This is the third church to be built here since 1836.
The first church was made of stone and was built late in 1836 on the present site. The land and church's bell were donated by Enoch Long.
Elijah Parish Lovejoy was the first pastor from January 8, 1837 to November 7, 1837. On October 25th, 1837, Lovejoy held a meeting in the church to form the Anti-Slavery Society in Illinois. A near riot broke out. The meeting was moved across the street to the Old Rock House the following day. Less than two weeks later, on November 7, 1837, Elijah Lovejoy was killed at the warehouse of Godfrey, Gilman & Co. defending his fourth printing press. He is considered to be a martyr for freedom of speech.
The original church burned in 1858 and construction of a new frame building began at once.
Financial problems and the Civil War prevented the completion until its dedication on November 15, 1865. A newer and larger church was needed so this second structure was demolished and the church you see today was dedicated on November 27, 1927.
Across the street from the College Avenue Presbyterian Church stands the Old Rock House. This stone double-dwelling was built in 1834-35 by John Higham and Henry Caswell, a stone mason from the state of New York. It was built for the Rev. T.B. Hurlburt,
pastor of the College Avenue Presbyterian Church and intimate friend of Elijah Lovejoy.

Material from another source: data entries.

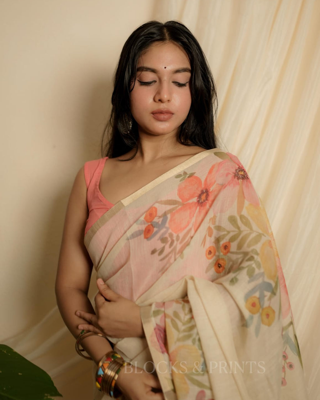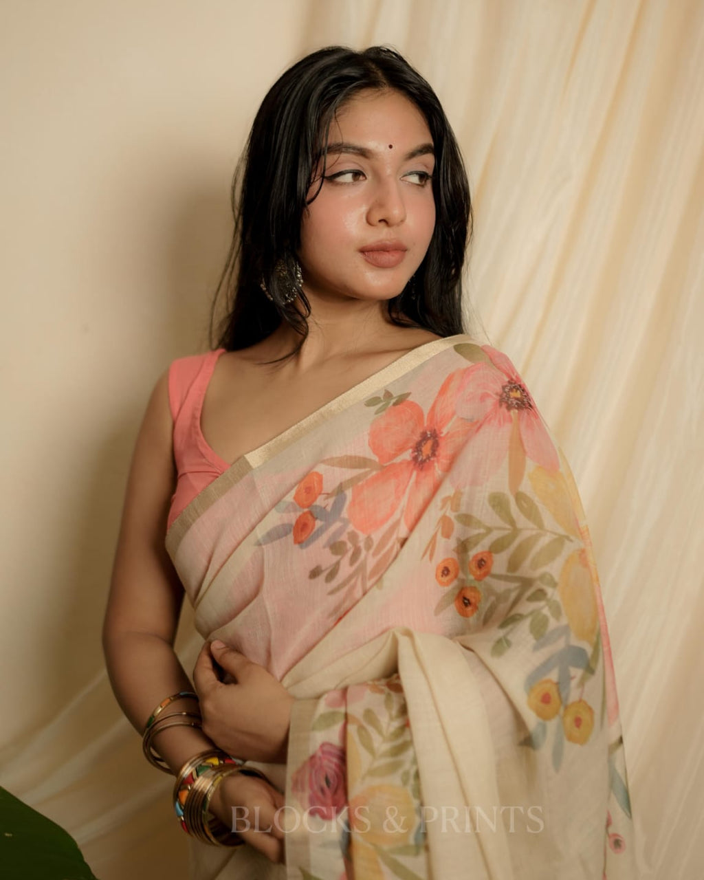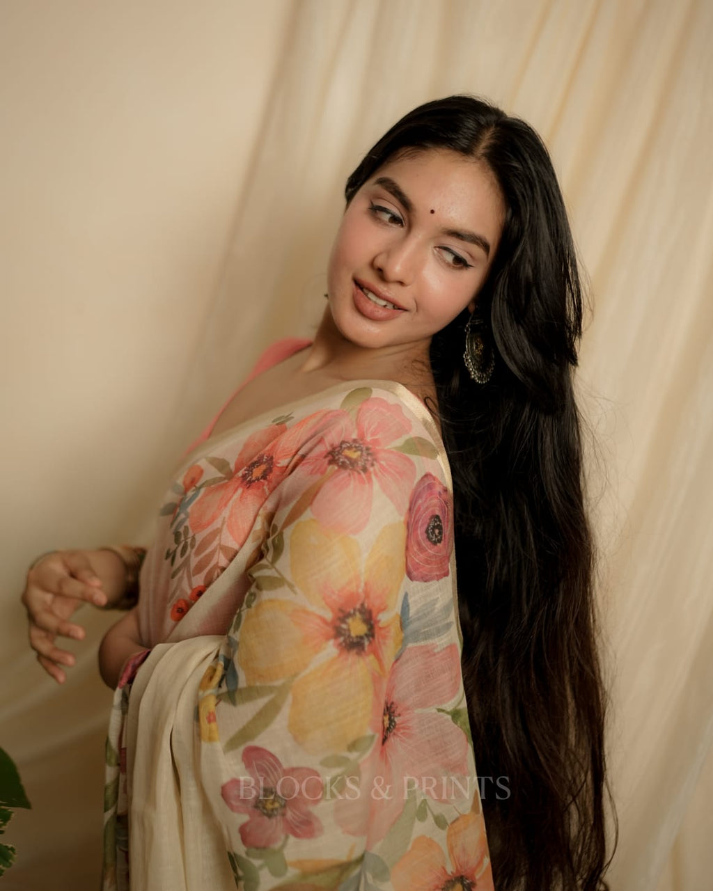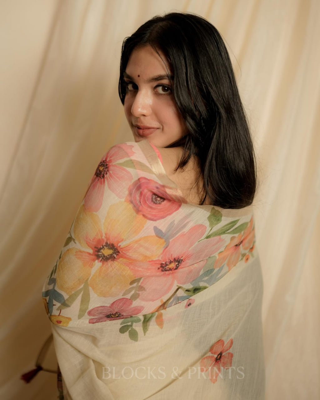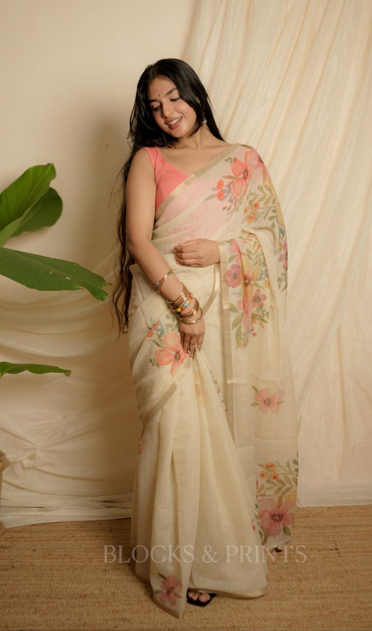 Soft Semi Linen Saree with designer Floral Print.
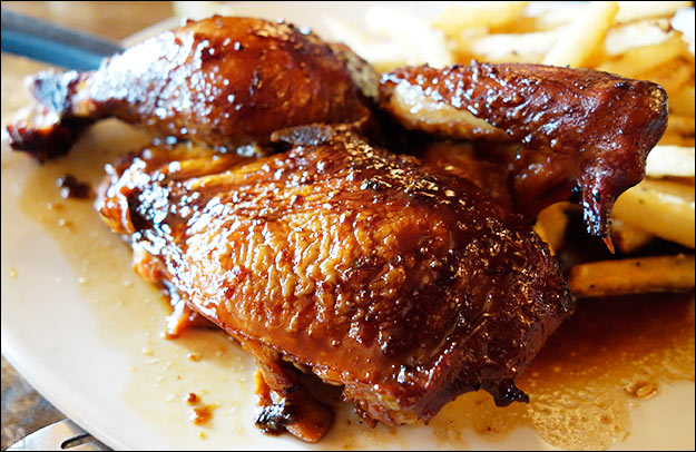 ... was a bronze breasted bird with succulent meat. Crisp fries fringed this chompable chick which we subsidized with an order of wings ($9.00):
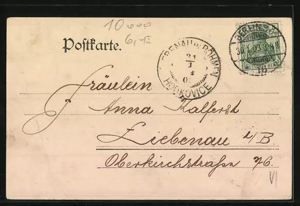 gelaufen 1903, Eckknick oben links, guter Zustand

The first two anti-slavery meetings in Illinois were held here on October 26 and 27, 1837. The Anti-Slavery Society was formed with sixty members. Lovejoy was elected corresponding secretary. This house also served as a "station" on the "Underground Railroad".
The building originally had six dormer windows, but some time during the 1910's the dormers were replaced with the present concrete block addition. Other changes were also made through the years. Today, it is an apartment complex.